JANIS GOODMAN
SHIFTING WATERS: NEW DRAWINGS

"Any line drawn on a sheet of paper... is like a rock thrown into a pond. It upsets the repose, it mobilizes space. Seeing is the perception of action."

----- Rudolf Arnheim, Art and Visual Perception

Questions related to vision, patterns, dynamics, meaning and expression reside at the very heart of the new drawings by Janis Goodman on view in this exhibition. As described by Rudolf Arnheim, "every visual pattern is dynamic" and Goodman's refined, economical and, at times, explosive drawings on the theme of water are very much about both the nature of physical stimuli and visual perceptions. They are also very much about the act of mark-making. In combination, these elements attest to the focus and diligence of the artist's eye, mind and hand - a synchronous exploration, dialogue and translation among a triumvirate of forces. The excitement of these drawings is in no small way generated by their "mobilization of space" and "perception of action."

Goodman's drawings are less about romantic notions of nature or open-air views; although they are generated from interaction with specific places and speak to the artist's personal history. Instead, through a series of what we might call "interventions," Goodman interacts with nature by either directly drawing or imprinting into a mud flat, or acting as the catalyst for a splash. These actions are photographed and later recalled, reconfigured and re-experienced in the studio.

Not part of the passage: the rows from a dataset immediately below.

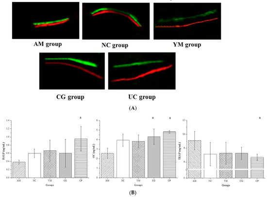 In order to investigate the effect of Native Collagen II on oxidative stress, the activity of superoxide dismutase (SOD), glutathione peroxidase (GSH-Px), and malondialdehyde (MDA) in the serum of the mice was examined. As shown in Figure 4B, compared with the AM group, the other groups showed obviously stronger activities of SOD and GSH-Px and a significantly lower MDA level (p < 0.05). Regarding the MDA content, values in the UC group were the smallest among the five groups (significantly; p < 0.05), whereas there were no significant differences between the SOD and GSH-Px activity found in the two intervention groups (p > 0.05).
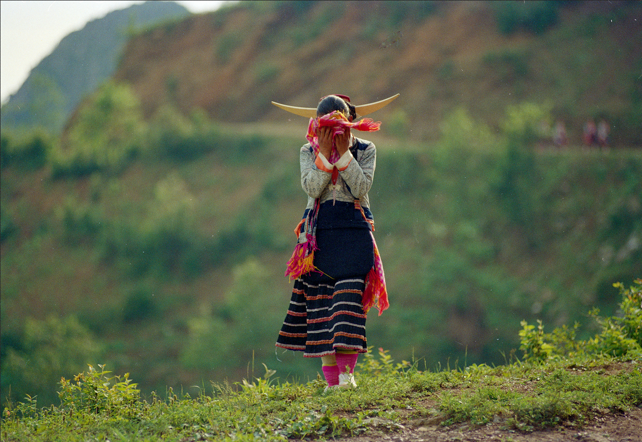 箐苗女孩13岁了,她即将成年,从一个孩童成为一个女孩。箐苗的成人礼通过服饰配件的变化来完成角色的转变,换装后就取得了恋爱与性交的资格,就可以参加春节的“跳花坡”“走寨”和“晒月亮”等传统婚恋活动了。2003年摄
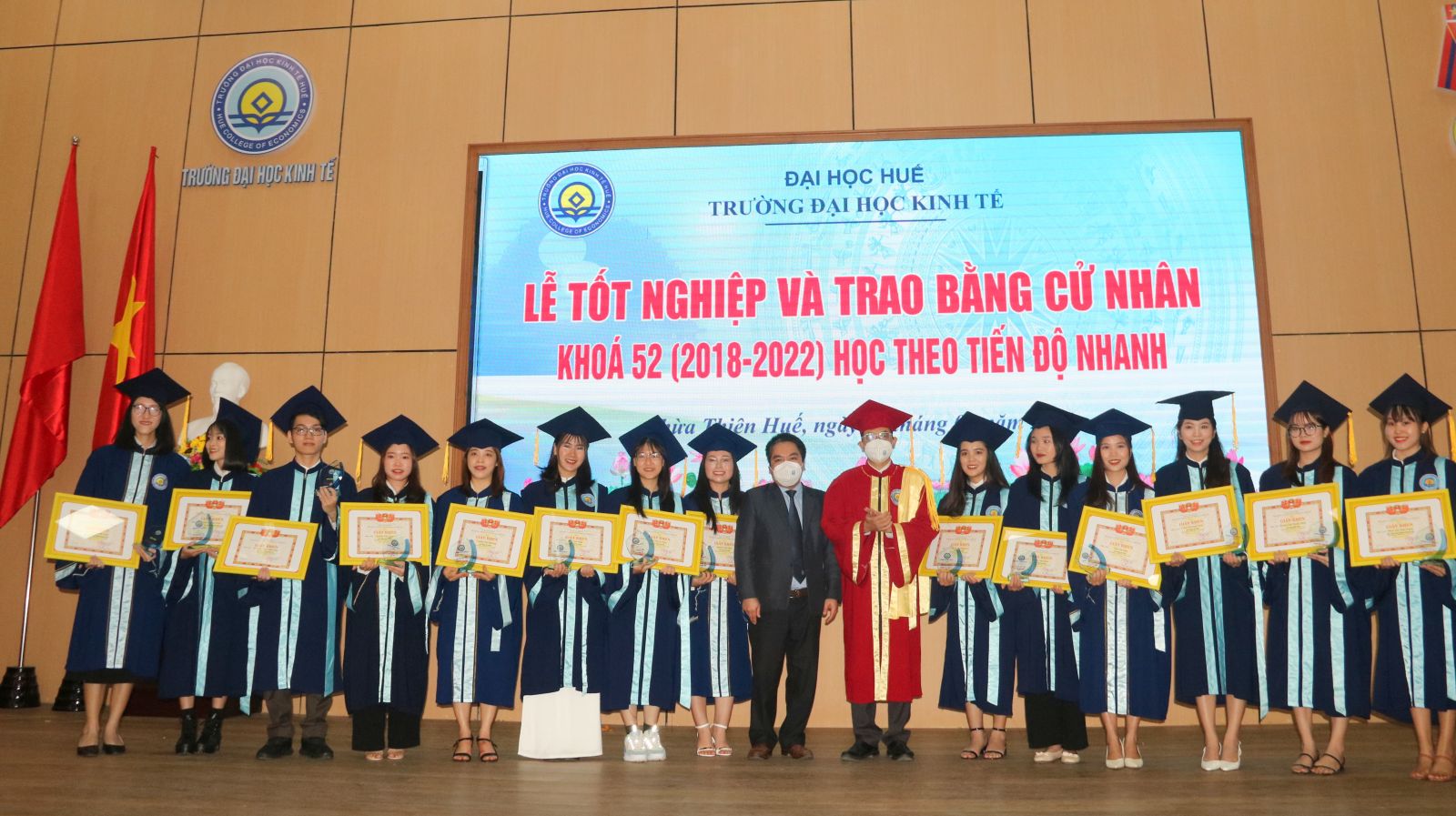 *Cùng ngày, Trường ĐH Kinh tế, ĐH Huế tổ chức lễ trao bằng cử nhân hệ chính quy khóa học 2018 – 2022 (khóa 52) theo tiến độ nhanh và các khóa khác.
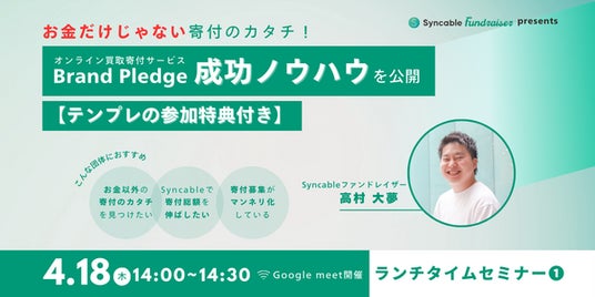 新しい寄付の形を作り出すことで民間の社会保障を拡大する寄付決済プラットフォームSyncableを運営する株式会社STYZ(東京都渋谷区、代表取締役社長:田中 辰也)は、2024年4月から5月にかけて毎週「寄付集めをサクッと学ぼう」ランチタイムセミナーを開催いたします。
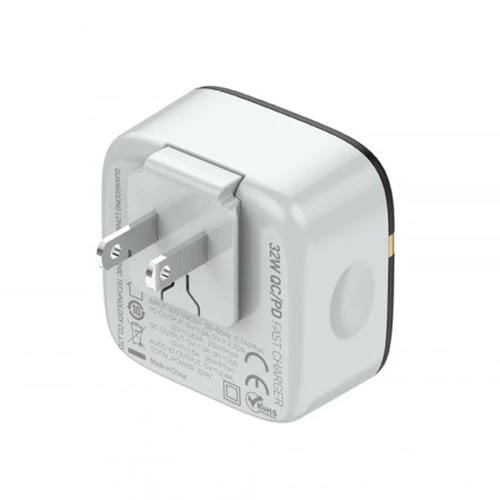 • Potencia total de 32W; salidas PD: 5 V/3 A, 9 V/2,22 A, 12 V/1,67 A (20 W máximo); control de calidad: 5 V/3 A, 9 V/2 A, 12 V/1,5 A (18 W máximo); salida AUTO-ID: 5 V/2,4 A; dimensiones: 5,6 x 5,6 x 3,25 cm
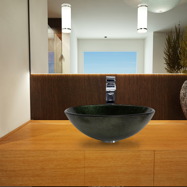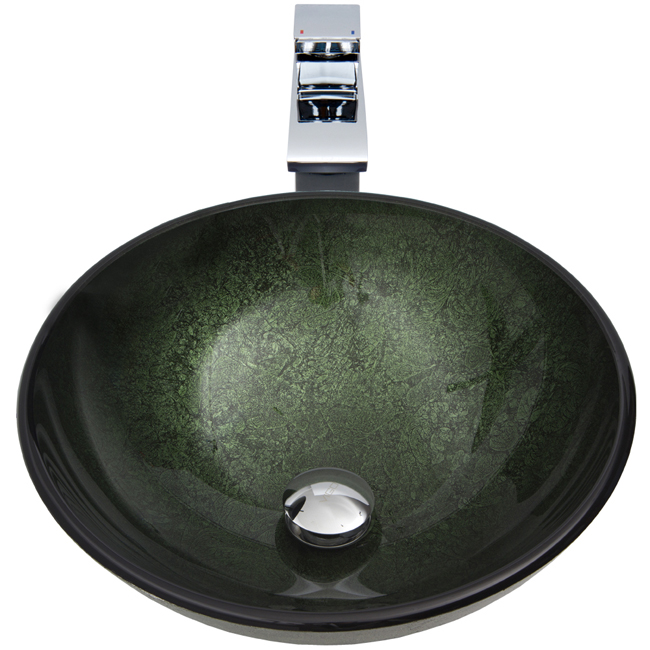 The VG07504 glass vessel bowl shines like a gem, featuring a rich and bold green color, resembling a true emerald precious stone.
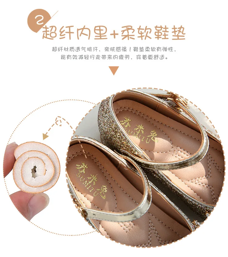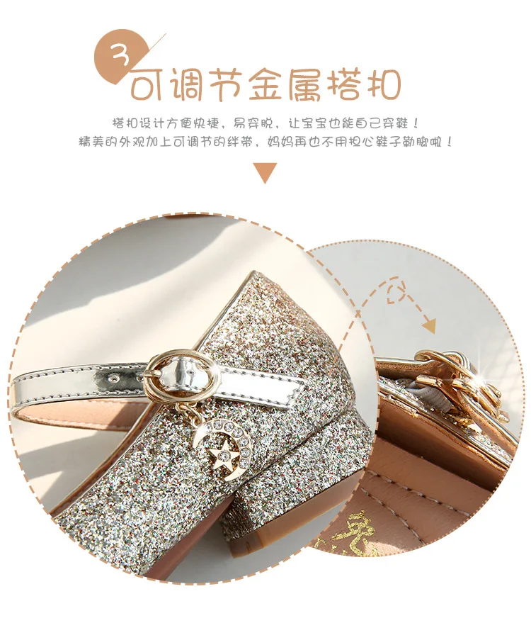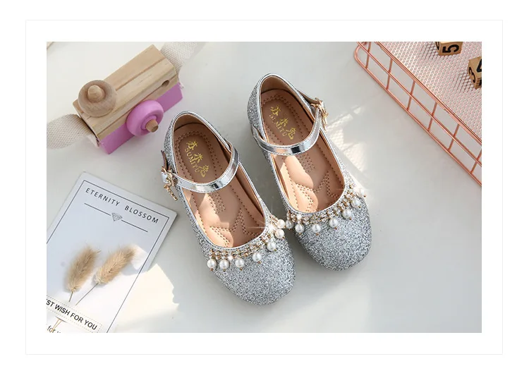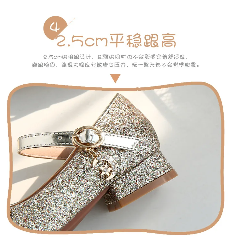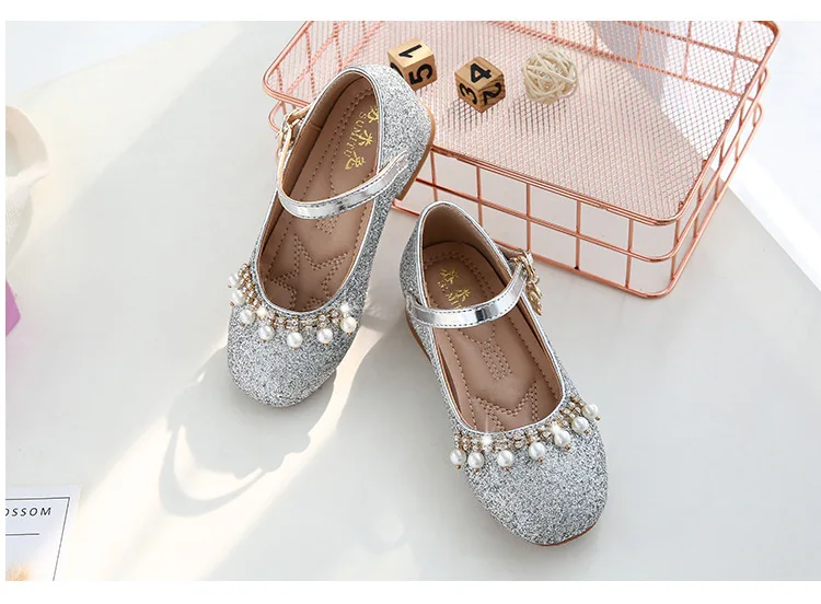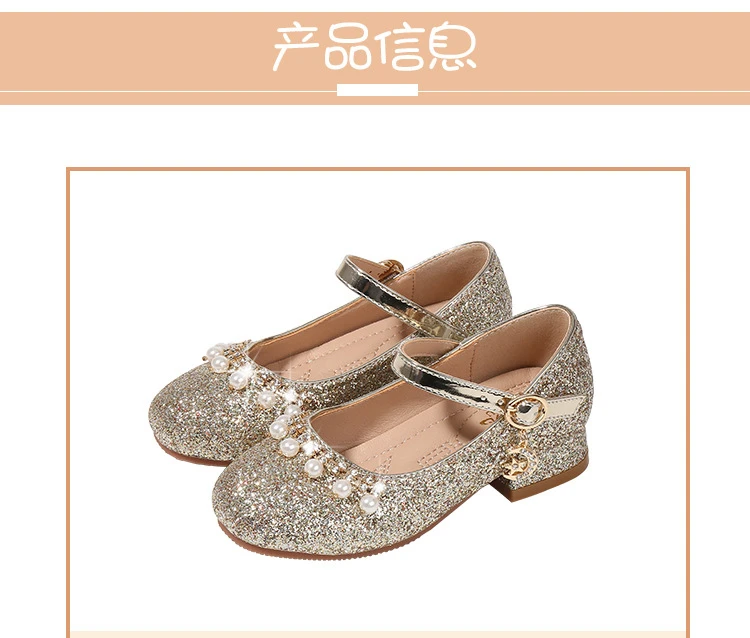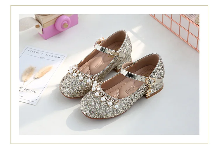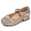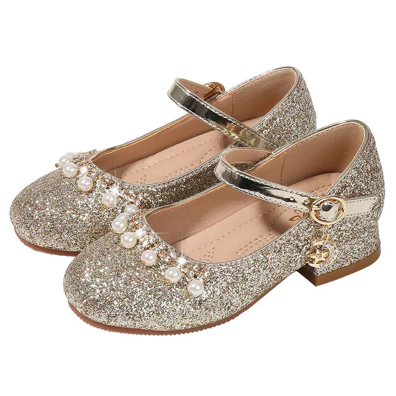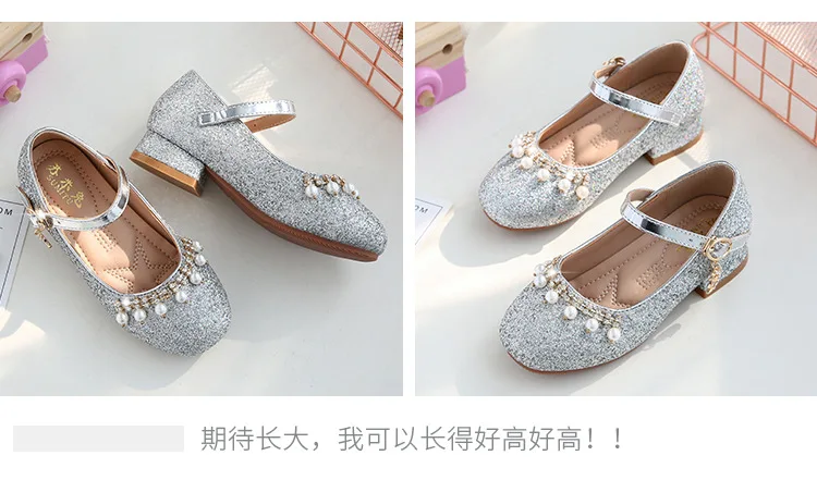 Ins Girls Leather Shoes Crystal Princess Shoes Children Small High Heels Hook Loop Kids Single Shoes Pearls Squins Dancing Shoes

They are not direct transcriptions of nature as much as they are artistic recollections of nature. The "imprint" series and "splash" series (if we can use these terms) are complemented by the quieter, more purely observational works related to tidal basins and the exploration of slow-moving water.

Few artists were as obsessed with the study of water as Leonardo da Vinci. In water Leonardo found the full range of paradox and mutability that seemed to characterize nature as a whole. For Leonardo, water was to nature what blood was to the human body. Water was "the vehicle of nature" -- varietal in its quality, mutable in its form, variable in its substance, speed, temperature and power -- "the cause at times of life or death."

In the "shifting waters" portrayed by Janis Goodman in this exhibition, the on-going quest to understand, explore and reveal the many subtleties of water are wedded to new strategies, processes and working methods. Like Leonardo's investigations, however, Goodman's drawings attest to the continuing power and relevance of nature, time and the creative impulse.